From Saturday's Globe and Mail

Sara Angel has resigned as the editor-in-chief of Chatelaine, Canada's longest-running and bestselling women's service magazine, less than 14 months after she was named to the job by Toronto-based Rogers Publishing.

In a brief interview yesterday from her home in Toronto, Ms. Angel, 37, said she resigned Thursday "for personal reasons . . . that I can't get into now. But I do want to stress that I do have very positive feelings toward the magazine."

Ms. Angel, who gave birth to her second child last fall, said she has no new job. "At this stage, I'm looking forward to taking a hiatus in my career and some time off."

Chatelaine staff were informed of her sudden departure yesterday morning in a note from the magazine's publisher, Kerry Mitchell. It said, effective immediately, Ms. Angel "is no longer working with us at Chatelaine."

Lise Ravary, editorial director of women's publications for Rogers and a former editor-in-chief of Quebec Chatelaine, will oversee the day-to-day operations of the magazine for the time being.
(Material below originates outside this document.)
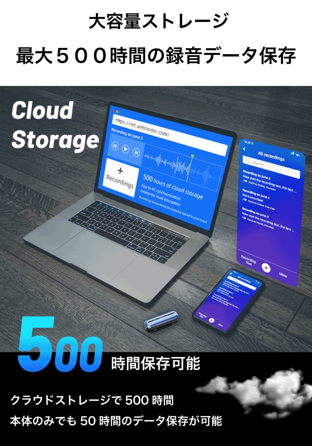 保存できるデータは、インターネットを使った場合のクラウドストレージで約500時間分のデータ保存が可能です。

Ms. Angel assumed Chatelaine's editorship June 1, 2006, after an expensive, wide-ranging nine-month search by Rogers. Her appointment as the ninth editor-in-chief of the venerable monthly was a surprise since her only previous magazine experience had been as visual features editor and occasional contributor for Saturday Night, which folded in October, 2005.

Chatelaine, which marks its 80th anniversary next year, had total revenues of $56.3-million last year, the highest in Canada for a magazine, according to industry tracker Masthead, while its total paid circulation for the first six months of 2006 was a solid 615,559 copies, according to the Audit Bureau of Circulations.

However, the magazine has struggled in the past three years to find focus and definition. Staff turnover has been particularly high in the past two years, with reportedly as many as 35 employees heading for the exits. One of the departed was Ms. Angel's predecessor, Kim Pittaway, who resigned in August, 2005, just 15 months after she took the reins from Rona Maynard, a 10-year veteran as editor-in-chief. Ms. Pittaway said her departure "boiled down to a fundamental disagreement" between her and Ms. Mitchell over the impact of advertising on editorial content.

"Losing two editors in such a short period of time might suggest a reorganization is in order," said Lynn Cunningham, associate professor of journalism (magazine stream) at Toronto's Ryerson University. Previously, "Chatelaine was a stable and pretty happy shop," she said yesterday, "but it's deteriorated into this job-place from hell."